Drastic budget cuts in Ontario will make life more dangerous for homeless queer youth this winter, experts say.
The province’s Community Start Up and Maintenance Benefit will end in January 2013. The $114 million benefit supports 200,000 individuals a year, including youth living in unhealthy or abusive home environments. Ontario will give $62.6 million to municipalities so they can address emergency housing at a local level – but this is only half of what the province currently allocates for the benefit.
The cut coincides with an exploding need for housing assistance in Toronto.

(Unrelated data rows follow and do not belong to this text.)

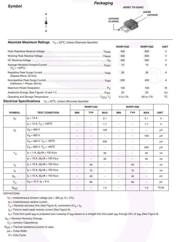 Le RHRP1540, RHRP1560 est une diode hyperrapide avec des caractéristiques de récupération douce. Il a le demi-temps de récupération des diodes ultrarapides et est une construction planaire épitaxiale à implantation ionique passivée au nitrure de silicium. Ces dispositifs sont destinés à être utilisés comme diodes et diodes de roue libre/de serrage dans diverses alimentations à découpage et autres applications de commutation de puissance. Leur faible charge stockée et leur récupération douce ultrarapide minimisent la sonnerie et le bruit électrique dans de nombreux circuits de commutation de puissance, réduisant ainsi la perte de puissance dans les transistors de commutation.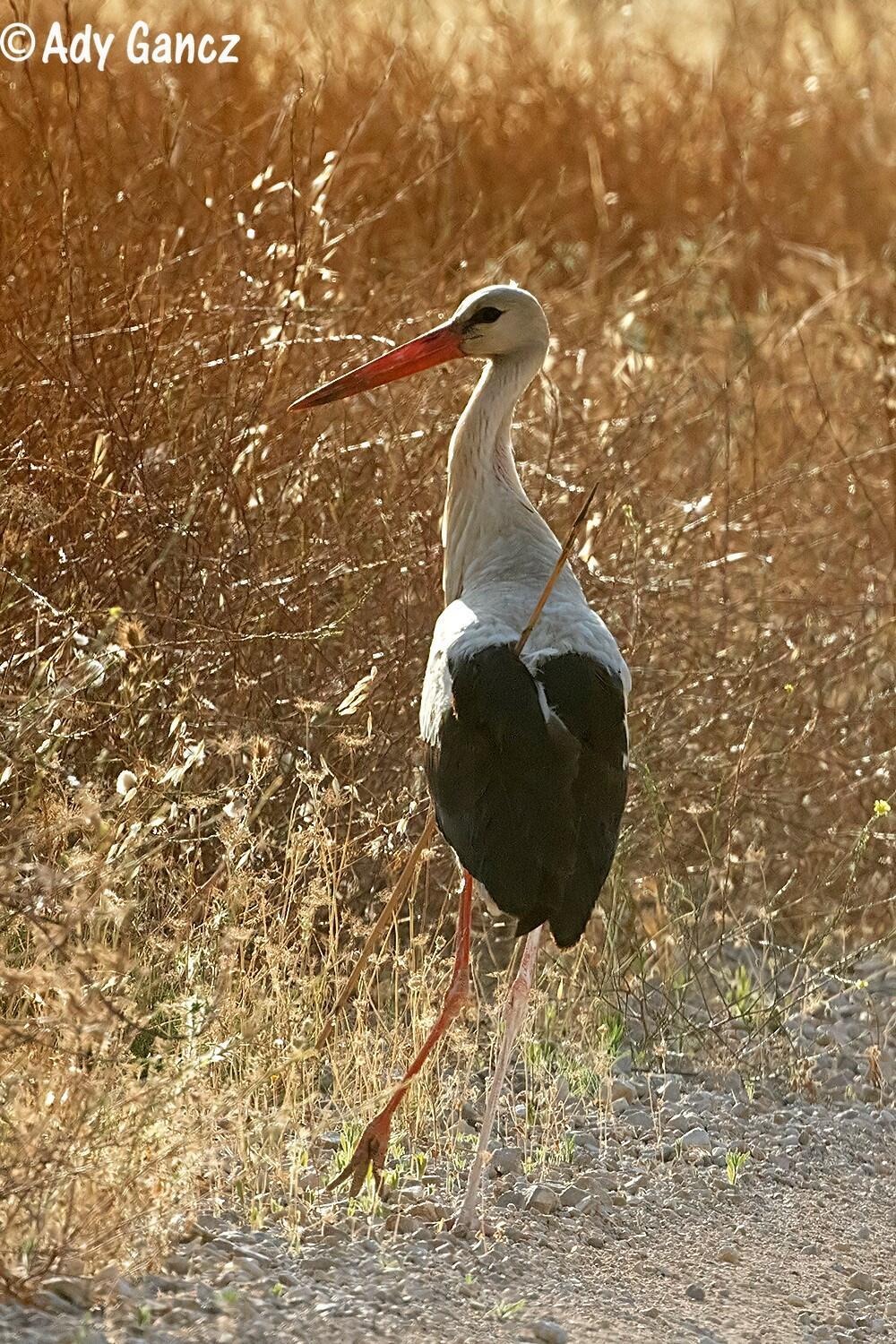 „Tucatnyi, talán több száz hozzá hasonló gólya volt, nem tudom, miért pont ő keltette fel a figyelmemet” – mondta Gancz. „Amikor megközelítettem, rövid ideig repült, és a távcsövemmel figyelve észrevettem, hogy a testének bal oldalán szinte függőlegesen egy nyílvessző szúródott.”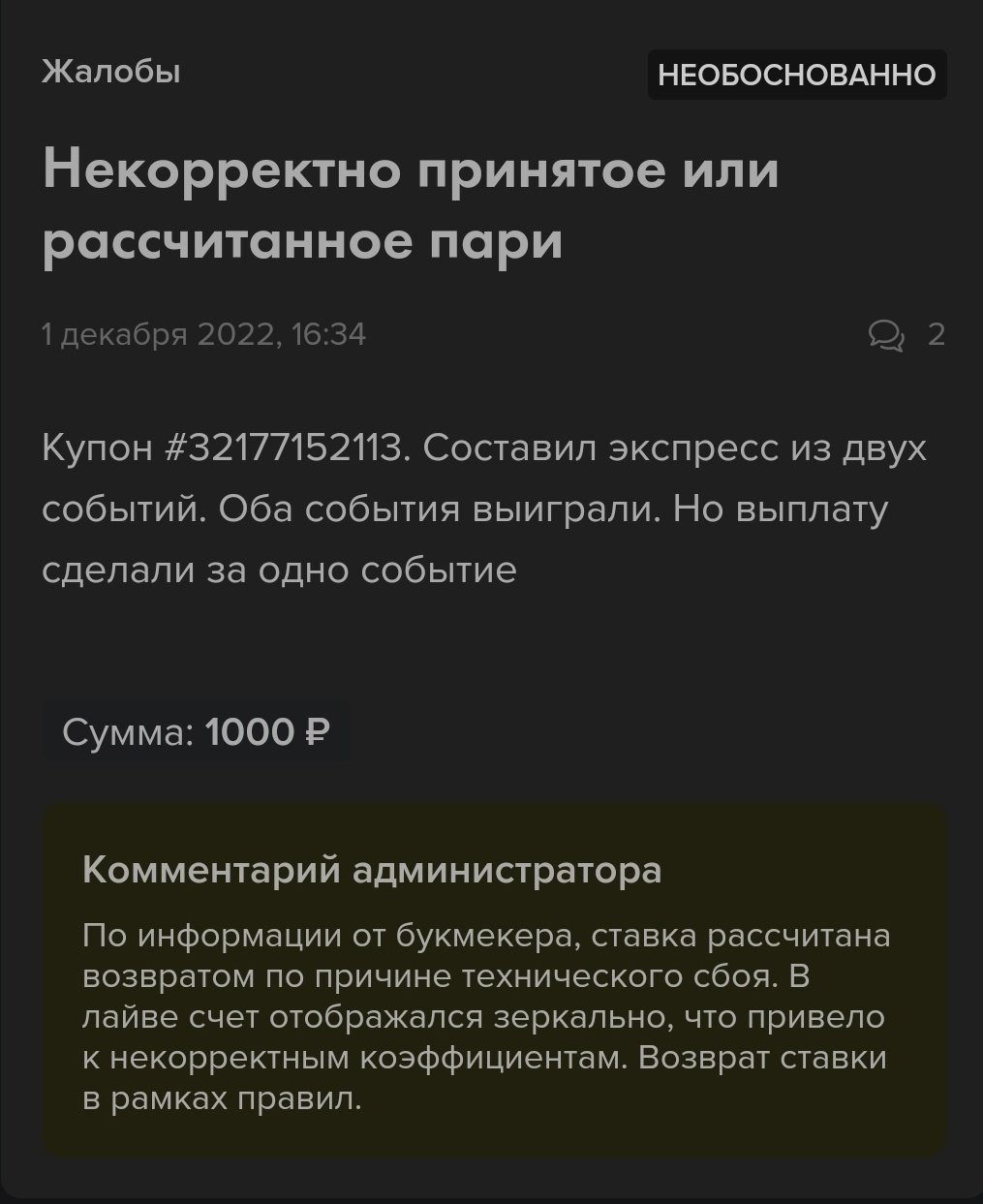 Обратимся за примером к жалобам игроков на «Легалбет»: игрок составил экспресс из двух событий, оба прошли, но контора рассчитала одно из них возвратом из-за технического сбоя: в лайве счёт отражался зеркально, что привело к некорректным коэффициентам.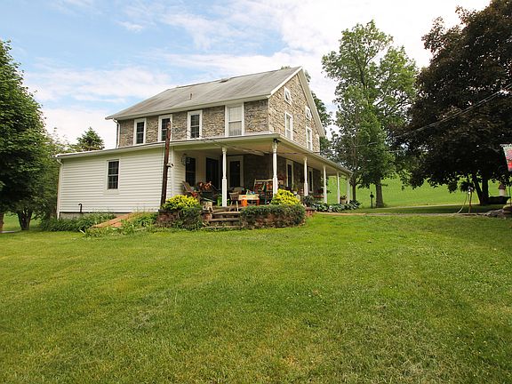 Serene and idyllic, farmette with over 3 acres of meadow-like lawns, with mature trees and fruit trees growing your favorite fruits. In-ground pool, outbuildings, and a wonderful all-stone farmhouse. This farmhouse is in excellent condition and always maintained with care. A large country style kitchen and dining room with original wainscoting, and hardwood flooring. The stone was just meticulous all pointed and all windows are replaced. 2 full baths, 3 bedrooms, full walk up attic and full basement. On the grounds is 2 plus car building/barn with workshops, upstairs and plenty of room for your ATV's, snowmobiles, tractors, etc. There is also a functioning smokehouse. Easy access to RT 33, 209 and 80. The owner lived here for 35 years, did a lot of great work, and is now offering this special home to the public!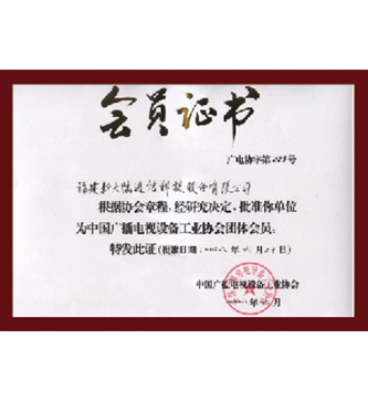 榮獲福州市2006-2007年度納稅信用A級證書中國廣播電視工業(yè)協(xié)會會員證書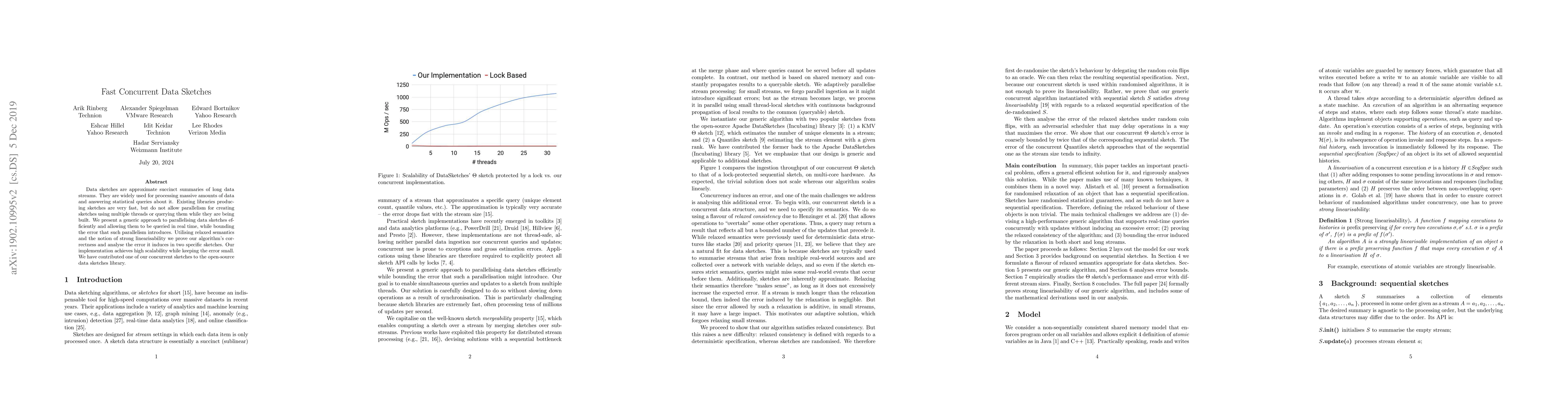 Data sketches are approximate succinct summaries of long streams. They are widely used for processing massive amounts of data and answering statistical queries about it in real-time. Existing libraries producing sketches are very fast, but do not allow parallelism for creating sketches using multiple threads or querying them while they are being built. We present a generic approach to parallelising data sketches efficiently, while bounding the error that such parallelism introduces. Utilising relaxed semantics and the notion of strong linearisability we prove our algorithm's correctness and analyse the error it induces in two specific sketches. Our implementation achieves high scalability while keeping the error small.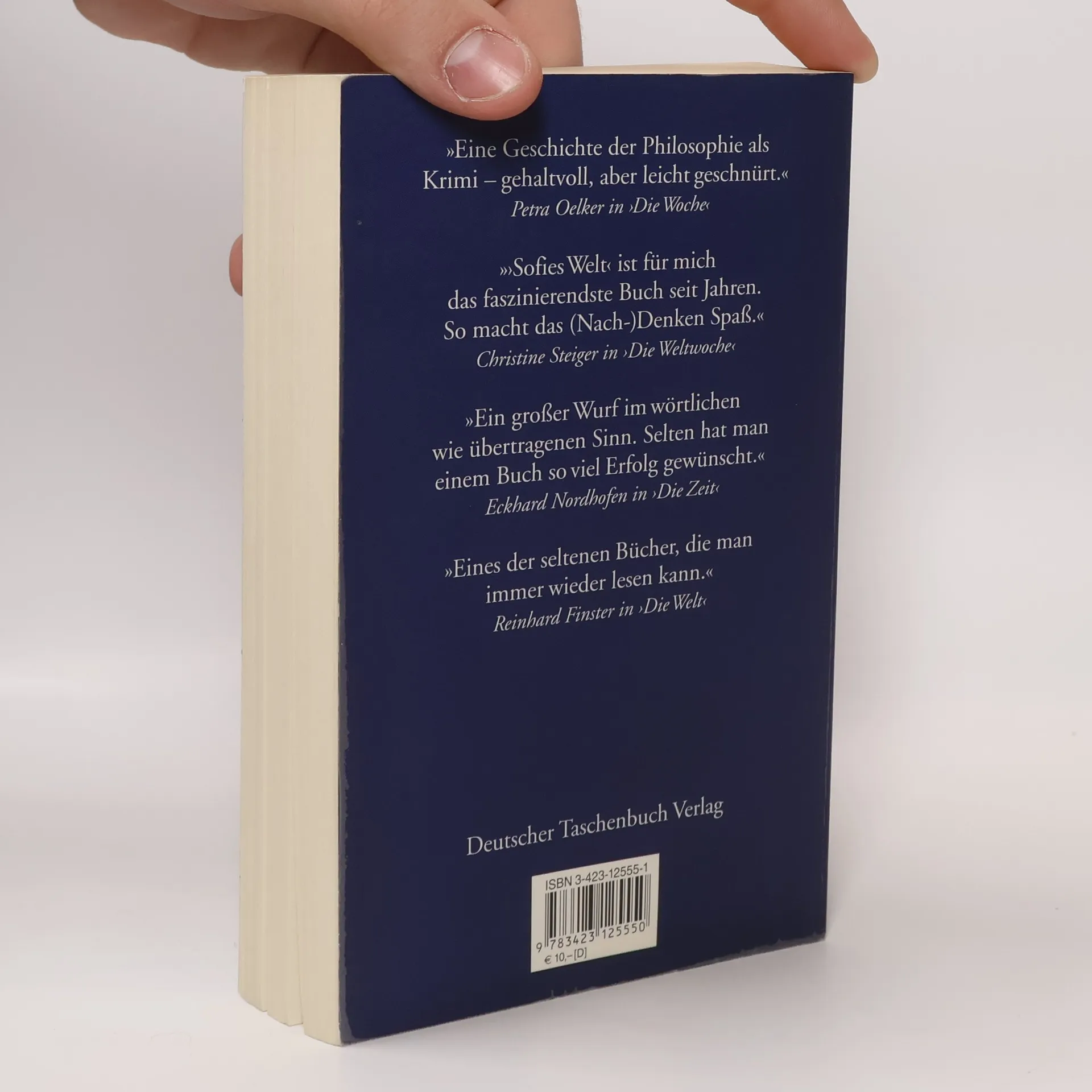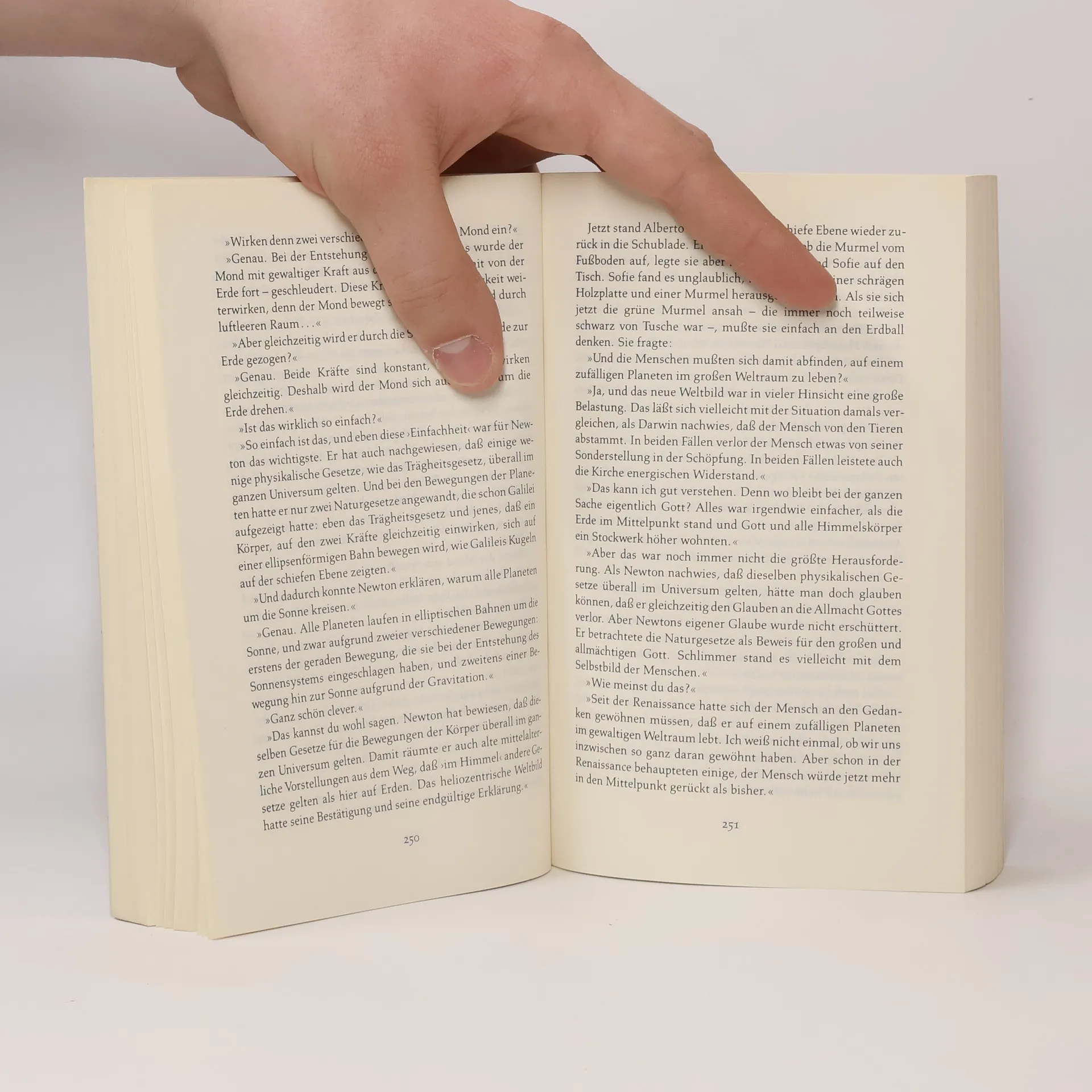 Weg in die geheimnisvolle Gedankenwelt »Ein dickes Buch, mit spitzen Fingern angefaßt und mit Begeisterung zugeklappt: ein großer Wurf im wört-lichen wie übertragenen Sinn.« Die Zeit Mysteriöse Briefe landen im Briefkasten der 15jährigen Sofie Amundsen in Oslo. Was sollen diese Fragen: »Wer bist du?«, »Was ist ein Mensch?« und »Woher kommt die Welt?«. Sofie ist irritiert. Die Briefe werden ausführlicher und entführen sie in die abenteuerliche und geheimnisvolle Gedankenwelt der großen Philosophen. Ihr unbekannter Briefeschreiber erzählt Sofie die Geschichte Europas, der Antike, des Mittelalters und der Renaissance und dann nimmt die Geschichte eine unglaubliche Wendung.
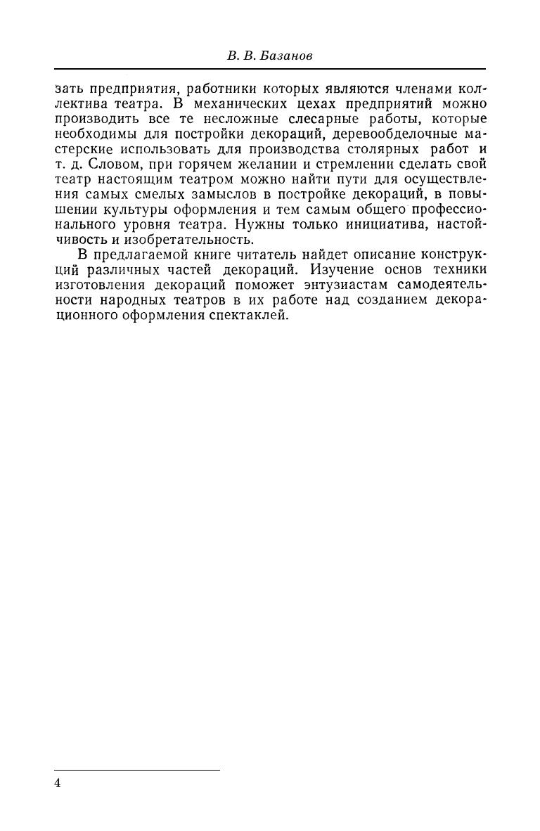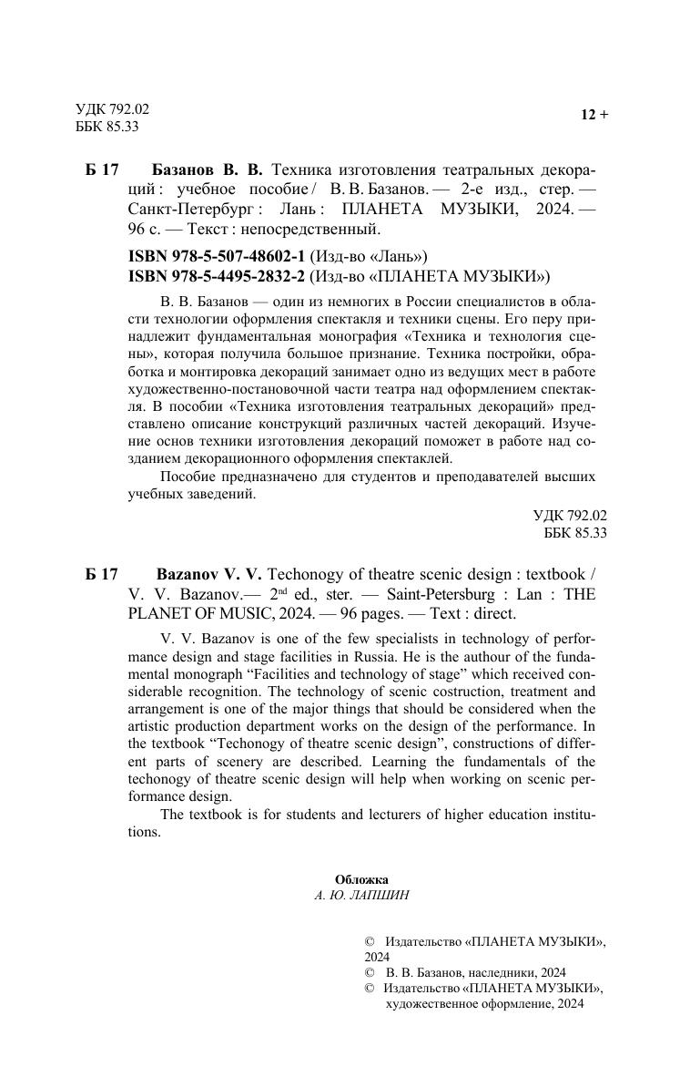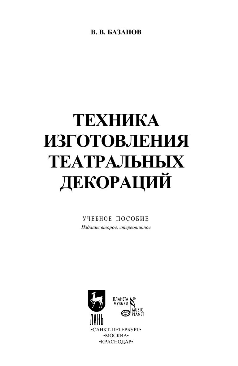 В. В. Базанов — один из немногих в России специалистов в области технологии оформления спектакля и техники сцены. Его перу принадлежит фундаментальная монография «Техника и тех-нология сцены», которая получила большое признание. Техника постройки, обработка и монтировка декораций занимает одно из ведущих мест в работе художественно-постановочной части теат-ра над оформлением спектакля. В пособии «Техника изготовления театральных декораций» представлено описание конструкций раз-личных частей декораций. Изучение основ техники изготовления декораций поможет в работе над созданием декорационного оформления спектаклей. Пособие предназначено для студентов и преподавателей высших учебных заведений. V. V. Bazanov is one of the few specialists in technology of per-formance design and stage facilities in Russia. He is the authour of the fundamental monograph “Facilities and technology of stage” which re-ceived considerable recognition. The technology of scenic costruction, treatment and arrangement is one of the major things that should be considered when the artistic production department works on the de-sign of the performance. In the textbook “Techonogy of theatre scenic design”, constructions of different parts of scenery are described. Learning the fundamentals of the techonogy of theatre scenic design will help when working on scenic performance design. The textbook is for students and lecturers of higher education in-stitutions.

Evergreen Yonge Street Mission, a Toronto charity, helped 811 people find housing in 2011, up from 213 people in 2010. Fourteen youth shelters in the city have a total capacity of 525 beds. But a report from Covenant House, a downtown youth shelter, estimates that 1,500 to 2,000 youth are homeless on any given night in Toronto.
I Alex Abramovich, one of the only Canadians studying queer youth homelessness, says “cutting this benefit is a very very bad idea.” Approximately 25 to 40 percent of homeless youth are lesbian, gay, bisexual or trans, and “it is a crisis that is definitely on the rise,” Abramovich says. This estimate doesn’t include the “hidden homeless” who avoid shelters or queer youth who are afraid to come out due to violence in the system. An American study from 2011 estimates that as many as one in four lesbian or gay teens are homeless.
A number of day programs provide food, healthcare and support for Toronto’s homeless queer youth, but Abramovich says they still need a specialized shelter. “LGBT youth avoid the shelter system because it is an extremely dangerous place for them . . . This benefit is helping them maintain some sort of housing or helping them stay away from a system which they have said is dangerous. Cutting this benefit is going to make it even more dangerous for them.”
Teal-Rose Jaques, 23, is a trans woman who left home when she was 18 years old. Jaques was in the shelter system for five years and says that staff at one shelter wouldn’t recognize her chosen name, making it difficult to receive phone calls. They also didn’t let her go to the dining room wearing feminine clothing.
Beyond feeling unwelcome, Jaques didn’t always feel safe. She found that an X had been cut with a knife on the Positive Space sticker on her bedroom door. She was called a “fag” and was verbally threatened by another resident. Staff did not respond to either incident, she says.
Jaques is much happier living in her own apartment. “There is no way that I would have been able to get the apartment that I’m in now without Start Up,” she says.
She also used benefit money to buy a computer so she could attend school. This summer, she graduated from George Brown College.
Evergreen housing worker Victoria Clarke says that cutting the benefit will be “catastrophic” for all street youth. Clarke wants the community to participate in the fight against homelessness. Even as little as $3 for transportation will help; Clarke sees between 12 and 17 clients a day but has only 10 transit tokens to hand out. This means half her clients have no way to get to meetings with potential landlords.
Beyond financial support, Clarke thinks street youth need more compassion because many are victims of severe abuse and simply have nowhere else to go.
The Spectrum Youth Needs Committee launched an initiative to build a shelter for homeless queer youth in 2010, but the project has been on hiatus for a year. Michael Erickson, a former NDP candidate for Etobicoke-Lakeshore who led the initiative, says he hopes to revisit it in the new year.
Meanwhile, this summer, Councillor Giorgio Mammoliti, who leads Toronto’s Homelessness Task Force, announced plans to shut down the shelter system and force homeless people off the streets and into transitional housing. “When it comes to talks about opening up a specialized shelter, I think people are really reluctant to be open to these ideas – because of these plans,” Abramovich says.
Councillor Kristyn Wong-Tam (Ward 27) says the cuts are “very problematic” and a “grave concern.” But she says the city will champion specialized transitional housing over a specialized shelter.
Wong-Tam says transitional housing is more economical and has a more lasting effect on the community. She is “very, very supportive” of working with the community to provide specialized transitional housing once the real estate and operating funds have been secured.
But this winter, queer youth will be out in the cold.